At a special meeting held on Tuesday, 99.99% of votes cast supported the acquisition, which will see the company acquire Series 1 preferred shares from KayMaur Holdings Ltd. and other holders. The deal includes issuing 30,500,000 common shares and a cash payment of $15 million.
The acquisition is expected to close by December 17, 2024, subject to regulatory approvals. This move is part of Dominion Lending Centres’ plan to simplify its capital structure and strengthen its position in Canada’s mortgage industry.
The approval came with strong shareholder participation, with 81.24% of outstanding common shares represented at the meeting.

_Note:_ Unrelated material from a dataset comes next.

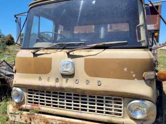 1968 TK Bedford Tip Truck ~ 11ft Tipping tray with Edbro Hoist ~ 6cyl Petrol engine ~ 4sp Gearbox ~ 2sp Diff ~ Good tyres all round including 1 new 9.00x20 ~ Truck hasn't been used for awhile, but was running & driving ok then. ~ NB: Contents in Tipper body are not included.
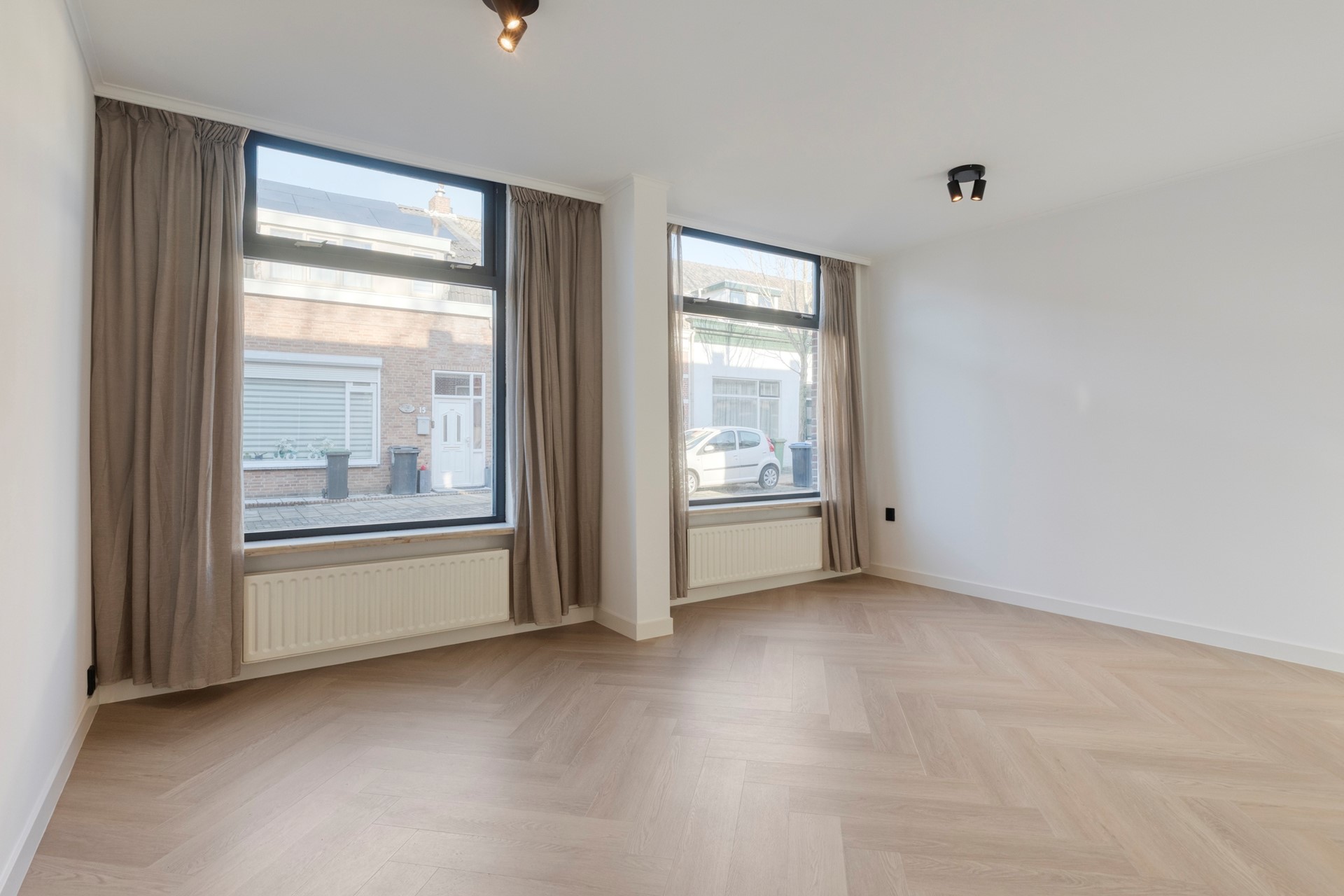 • Luxe, doorlopende visgraat PVC-vloer in de gehele woning voor een chique en rustige uitstraling.

The changes also include the cancellation of the Series 1 preferred shares and adjustments to the company’s stated capital.
DLCG stock price up 173% year-to-date
DLCG’s stock has been on a remarkable upward trajectory in recent months, with its price surging by nearly 173% year-to-date, reaching $7.75 as of this afternoon.
Founded in 2006 by Gary Mauris and Chris Kayat, Dominion Lending Centres is one of Canada’s leading network of mortgage professionals, with over 8,500 brokers and agents across more than 500 locations nationwide.
DLC operates through its three main subsidiaries: Mortgage Centre Canada Inc., Mortgage Architects Inc., and Newton Connectivity Systems Inc.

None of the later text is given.